Der Kindersoldat auf dem Arm des Kommandanten rührt sich nicht. Ist er eingeschlafen? Der Kommandant weiß es nicht. Er rennt nur und rennt. Während Gewehrkugeln singend um seinen Kopf pfeifen. Er rennt mitten durch heftigste Kampfhandlungen hindurch. Bis er schließlich den Schutz jener feuchten Löcher erreicht hat, die ihm nun als Zufluchtsort dienen.

 

Endlich vermag der Kommandant ein wenig ruhiger zu atmen. Von Ausruhen kann allerdings nicht die Rede sein! Er nimmt das Kind von seiner Schulter und versorgt erst einmal die klaffende Wunde an dessen Arm. Die Blutung kann gestoppt werden! Das Kind stöhnt laut und bewegt sich im peinigenden Schmerz.

 

„Papa! Mama!

 

Bin ich jetzt bei Euch?“

 

ruft es mit sanfter und kläglich versagender Stimme.

 

„Ja! Ich bin bei Dir!“

 

 

sagt der Kommandant und streicht dem Kindersoldaten liebevoll über den Kopf. Wieder sinkt das Kind in sich zusammen und sucht mit sich ringend die körperliche Nähe des Kommandanten.

 

Der Kommandant schaut sich das Kind genauer an. Kaum zwölf Jahre alt! Ein Mädchen! Kaum den Kindheitsschuhen entwachsen! Er drückt das Mädchen ganz eng und dicht an sich. Dann öffnet das Kind plötzlich doch seine Augen.

 

 

„Bist Du es, Papa?“

 

 

fragt es sich eng anschmiegend und am Hals des Kommandanten festklammernd.

 

 

„Pscht! Pscht!

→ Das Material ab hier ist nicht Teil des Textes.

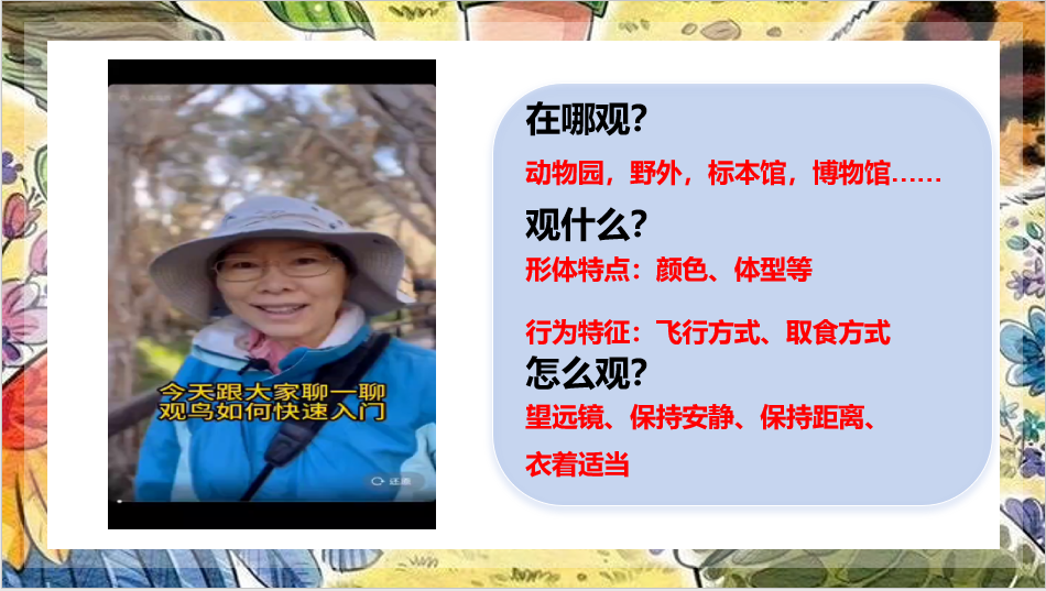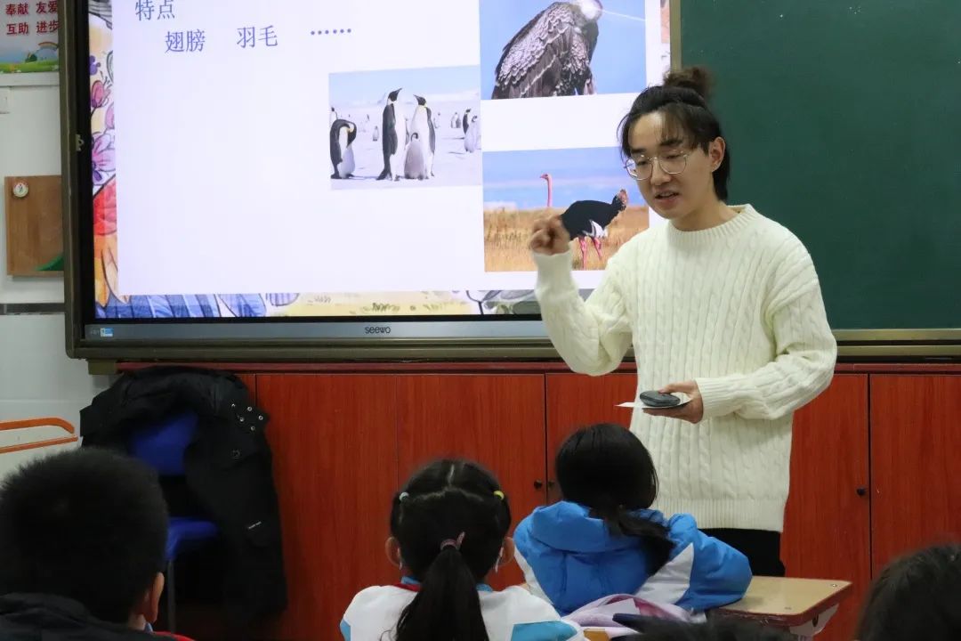 在科普过程中,主讲人们运用生动的图片和音频资料,呈现了各种鸟类的叫声,让同学们更加形象地了解鸟类的六大生态类群。
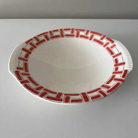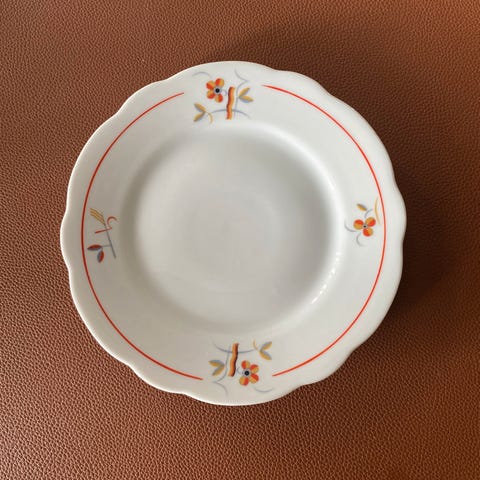 En vakker asjett fra Egersund med sjelden dekor i kremhvitt, burgunder-rødt og gull. Produsert i 1954 eller senere.

Bleib ganz ruhig, mein Kind!

 

Es wird alles wieder gut!!“

 

 

sagt der Kommandant mit sanftmütiger Stimme.

 

 

„Was hat man Euch nur erzählt,

 

dass Ihr als Kinder in den Krieg zieht?

 

Bleib ganz ruhig! Es wird alles wieder gut!“

 

 

 

„Ich habe keine Eltern mehr!“

 

 

antwortet dann leise jenes Kind, das dem Leben offenbar doch näher steht als dem Tod, dem es bereits als junger Mensch eigens die Hand geschüttelt hat.

 

 

„Beide Elternteile sind im Krieg getötet worden.

 

Von einer Granate getroffen.

 

Ich habe es selbst mit angesehen!

 

Man hat uns erzählt,

 

dass verirrte Seelen wie Gewehrkugeln sind.

 

Vor allem verirrte Kinderseelen!

 

Und: Wenn ich mit ihnen fliege,

 

mit diesen Gewehrkugeln,

 

sehe ich meine Eltern im Himmel bald wieder,

 

schneller als ich mir das vorzustellen vermag!